My guess is that the torch data loader is trying spin up x number of worker processes to prepare the batches of data.
Problem is likely here:
https://github.com/amazon-science/ReFinED/blob/main/src/refined/dataset_reading/entity_linking/wikipedia_dataset.py
You can look it up, I think others also encountered similar issues with lmdb pickling when using multiple workers:
pytorch/vision#689 (comment)
Cheers
from refined.
This happens when there is no GPUs, but I am not sure how to workaround this.
from refined.
Thanks, it may be reasonable to try at a GPU machine.
Just for a reference, I put the full stack trace below.
/Users/yayamamo/.pyenv/versions/3.12.2/lib/python3.12/site-packages/torch/cuda/amp/grad_scaler.py:126: UserWarning: torch.cuda.amp.GradScaler is enabled, but CUDA is not available. Disabling.
warnings.warn(
14:35:33 - __main__ - INFO - Fine-tuning end-to-end EL
14:36:00 - __main__ - INFO - Fine-tuning end-to-end EL
INFO:__main__:Fine-tuning end-to-end EL
0%| | 0/10 [00:00<?, ?it/s]14:36:02 - __main__ - INFO - Starting epoch number 0
INFO:__main__:Starting epoch number 0
14:36:02 - __main__ - INFO - lr: 0.0
INFO:__main__:lr: 0.0
14:36:02 - __main__ - INFO - lr: 0.0
INFO:__main__:lr: 0.0
14:36:02 - __main__ - INFO - lr: 0.0
INFO:__main__:lr: 0.0
14:36:02 - __main__ - INFO - lr: 0.0
INFO:__main__:lr: 0.0
14:36:02 - __main__ - INFO - lr: 0.0
INFO:__main__:lr: 0.0
0%| | 0/10 [00:03<?, ?it/s]
Traceback (most recent call last):
File "/Users/yayamamo/git/ReFinED/src/refined/training/fine_tune/fine_tune.py", line 207, in <module>
main()
File "/Users/yayamamo/git/ReFinED/src/refined/training/fine_tune/fine_tune.py", line 44, in main
start_fine_tuning_task(refined=refined,
File "/Users/yayamamo/git/ReFinED/src/refined/training/fine_tune/fine_tune.py", line 95, in start_fine_tuning_task
run_fine_tuning_loops(refined=refined, fine_tuning_args=fine_tuning_args,
File "/Users/yayamamo/git/ReFinED/src/refined/training/fine_tune/fine_tune.py", line 114, in run_fine_tuning_loops
for step, batch in tqdm(enumerate(training_dataloader), total=len(training_dataloader)):
^^^^^^^^^^^^^^^^^^^^^^^^^^^^^^
File "/Users/yayamamo/.pyenv/versions/3.12.2/lib/python3.12/site-packages/torch/utils/data/dataloader.py", line 439, in __iter__
return self._get_iterator()
^^^^^^^^^^^^^^^^^^^^
File "/Users/yayamamo/.pyenv/versions/3.12.2/lib/python3.12/site-packages/torch/utils/data/dataloader.py", line 387, in _get_iterator
return _MultiProcessingDataLoaderIter(self)

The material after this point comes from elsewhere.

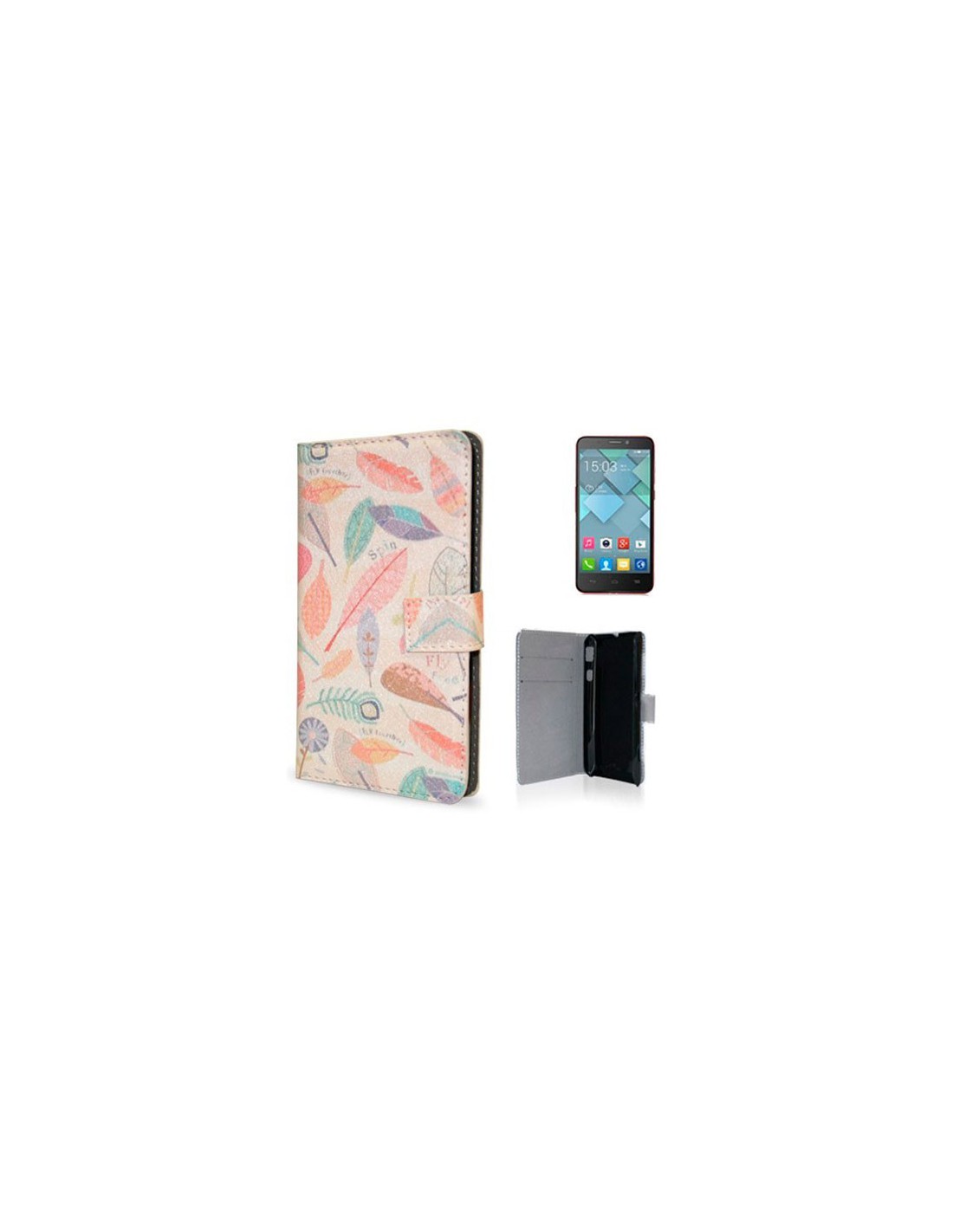 Funda libro cartera Alcatel Idol S diseño Spins (Hojas)

^^^^^^^^^^^^^^^^^^^^^^^^^^^^^^^^^^^^
File "/Users/yayamamo/.pyenv/versions/3.12.2/lib/python3.12/site-packages/torch/utils/data/dataloader.py", line 1040, in __init__
w.start()
File "/Users/yayamamo/.pyenv/versions/3.12.2/lib/python3.12/multiprocessing/process.py", line 121, in start
self._popen = self._Popen(self)
^^^^^^^^^^^^^^^^^
File "/Users/yayamamo/.pyenv/versions/3.12.2/lib/python3.12/multiprocessing/context.py", line 224, in _Popen
return _default_context.get_context().Process._Popen(process_obj)

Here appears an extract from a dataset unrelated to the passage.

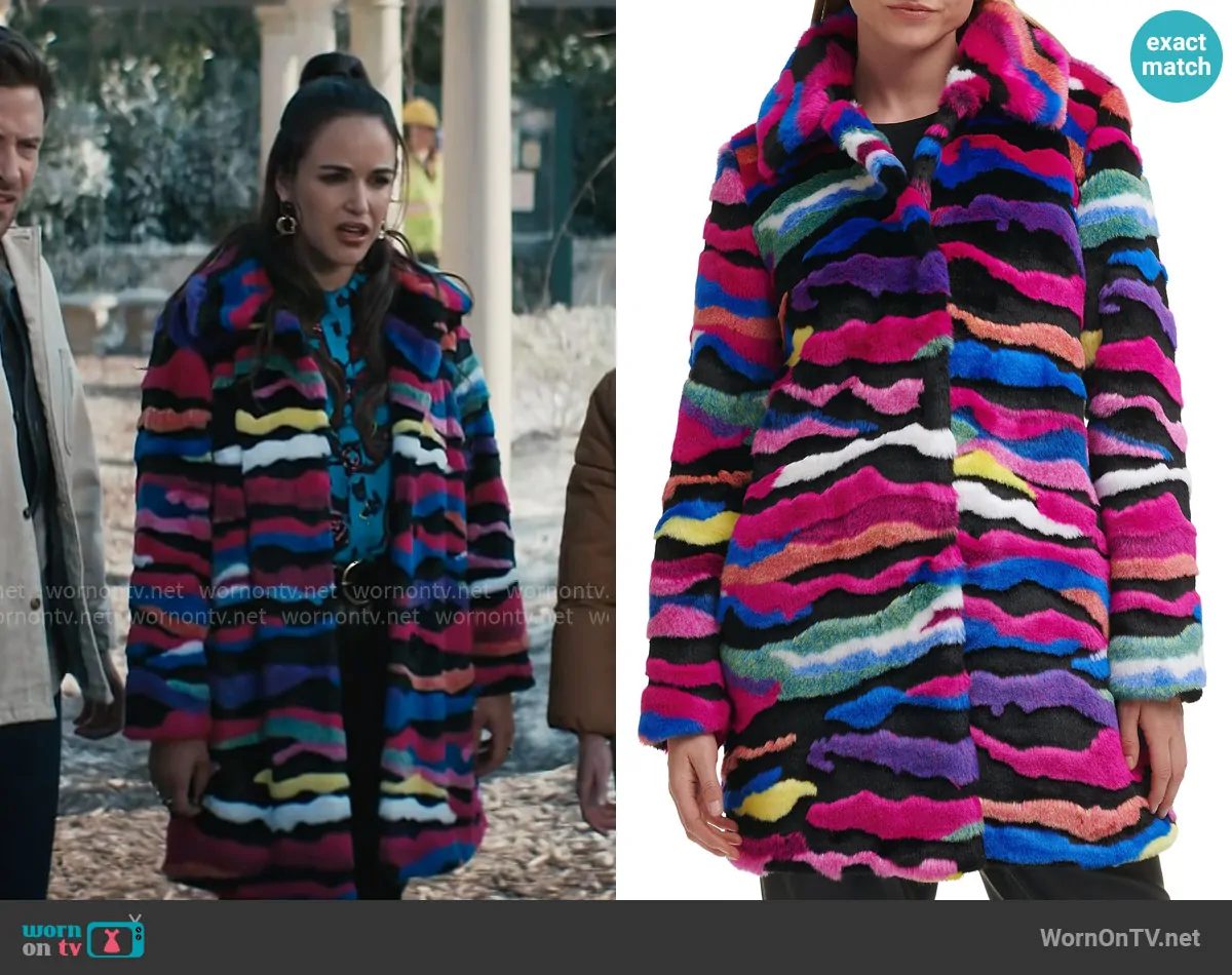 Birdie (played by Melissa Fumero) on Grosse Pointe Garden Society on NBC was spotted wearing this multi color stripe fur coat on Grosse Pointe Garden Society on episode 'Bad Seeds' (1x13) in May 2025. Birdie's Coat is the Multicolor Faux Fur Coat by Karl Lagerfeld Paris.

^^^^^^^^^^^^^^^^^^^^^^^^^^^^^^^^^^^^^^^^^^^^^^^^^^^^^^^^^^
File "/Users/yayamamo/.pyenv/versions/3.12.2/lib/python3.12/multiprocessing/context.py", line 289, in _Popen
return Popen(process_obj)
^^^^^^^^^^^^^^^^^^
File "/Users/yayamamo/.pyenv/versions/3.12.2/lib/python3.12/multiprocessing/popen_spawn_posix.py", line 32, in __init__
super().__init__(process_obj)
File "/Users/yayamamo/.pyenv/versions/3.12.2/lib/python3.12/multiprocessing/popen_fork.py", line 19, in __init__
self._launch(process_obj)
File "/Users/yayamamo/.pyenv/versions/3.12.2/lib/python3.12/multiprocessing/popen_spawn_posix.py", line 47, in _launch
reduction.dump(process_obj, fp)
File "/Users/yayamamo/.pyenv/versions/3.12.2/lib/python3.12/multiprocessing/reduction.py", line 60, in dump
ForkingPickler(file, protocol).dump(obj)
TypeError: cannot pickle 'Environment' object
from refined.
Related Issues (20)
- The format of pem.lmdb is inconsistent between it in preprocess_all and in LookupsInferenceOnly class
- Early stopping in the preprocessing step
- Issue with running the code on Windows
- Will you release the KBED source code? HOT 1
- How do I add new entities to the EL system?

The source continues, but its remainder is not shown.